- Born: 26 April 1910 Faridpur, East Bengal, British India
- Died: 1981 (aged 70–71) Kolkata, India
- Education: Calcutta University
- Children: Altamas Kabir; Shukla Kabir Sinha;
- Father: Khabeeruddin Ahmed

= Jehangir Kabir =

Indian politician and trade union leader

Jehangir Kabir (26 April 1910 – 1981) was an Indian Bengali politician and trade union leader.

Jehangir Kabir was born on 26 April 1910 in Faridpur, East Bengal (now Bangladesh) to Khabeeruddin Ahmed. Indian educationist Humayun Kabir was Jehangir's elder brother.

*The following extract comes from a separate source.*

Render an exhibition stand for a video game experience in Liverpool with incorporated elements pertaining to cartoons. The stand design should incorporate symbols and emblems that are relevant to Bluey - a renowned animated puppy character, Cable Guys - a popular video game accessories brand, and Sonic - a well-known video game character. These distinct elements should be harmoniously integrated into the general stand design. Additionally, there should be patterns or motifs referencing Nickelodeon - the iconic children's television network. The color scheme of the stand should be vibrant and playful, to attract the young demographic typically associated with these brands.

He completed a Bachelor of Laws from Calcutta University. He left the practice of law during the Quit India Movement in 1942, and became a trade union leader. He and his family settled in Calcutta in 1947, the year of the Partition of India.

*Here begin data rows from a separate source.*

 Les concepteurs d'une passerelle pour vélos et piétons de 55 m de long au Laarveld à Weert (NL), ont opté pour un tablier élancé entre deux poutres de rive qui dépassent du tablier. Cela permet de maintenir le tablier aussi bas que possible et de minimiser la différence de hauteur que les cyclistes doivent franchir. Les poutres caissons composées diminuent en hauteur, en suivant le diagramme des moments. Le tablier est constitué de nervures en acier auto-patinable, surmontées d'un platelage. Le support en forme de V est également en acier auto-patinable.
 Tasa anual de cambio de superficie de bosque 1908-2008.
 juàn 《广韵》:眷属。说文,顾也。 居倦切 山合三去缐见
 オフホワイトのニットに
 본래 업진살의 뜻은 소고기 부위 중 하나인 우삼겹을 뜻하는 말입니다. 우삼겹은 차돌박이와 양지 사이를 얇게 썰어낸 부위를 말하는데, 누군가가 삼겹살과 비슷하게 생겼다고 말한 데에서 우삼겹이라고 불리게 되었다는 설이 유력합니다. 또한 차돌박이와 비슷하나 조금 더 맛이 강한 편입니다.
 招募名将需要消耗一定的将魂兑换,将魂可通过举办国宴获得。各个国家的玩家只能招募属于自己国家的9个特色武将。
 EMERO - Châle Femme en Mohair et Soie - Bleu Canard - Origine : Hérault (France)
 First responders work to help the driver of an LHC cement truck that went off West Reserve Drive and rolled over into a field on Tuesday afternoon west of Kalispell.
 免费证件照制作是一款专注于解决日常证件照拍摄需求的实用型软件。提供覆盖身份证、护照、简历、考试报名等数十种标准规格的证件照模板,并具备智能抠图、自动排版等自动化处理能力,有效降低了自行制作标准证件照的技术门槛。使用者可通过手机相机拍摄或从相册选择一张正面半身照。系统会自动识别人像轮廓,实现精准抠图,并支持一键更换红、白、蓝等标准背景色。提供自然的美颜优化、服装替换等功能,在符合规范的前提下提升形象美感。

A long-time member of the Indian National Congress party, he represented the Haroa constituency in the West Bengal Legislative Assembly.

In summer 1966, he broke away from Congress, taking many of his co-coreligionists with him, to join the new Bangla Congress party. He became West Bengal's Minister for Planning and Development in Ajoy Mukherjee's United Front ministry. In January 1968, he split from the Bangla Congress and formed the Bangla Jatiya Dal (National Party of Bengal).

Kabir died in 1981 in Calcutta.

==Personal life==
His son Justice Altamas Kabir was the 39th Chief Justice of the Supreme Court of India, while a daughter Shukla Kabir Sinha is a retired judge of the Calcutta High Court.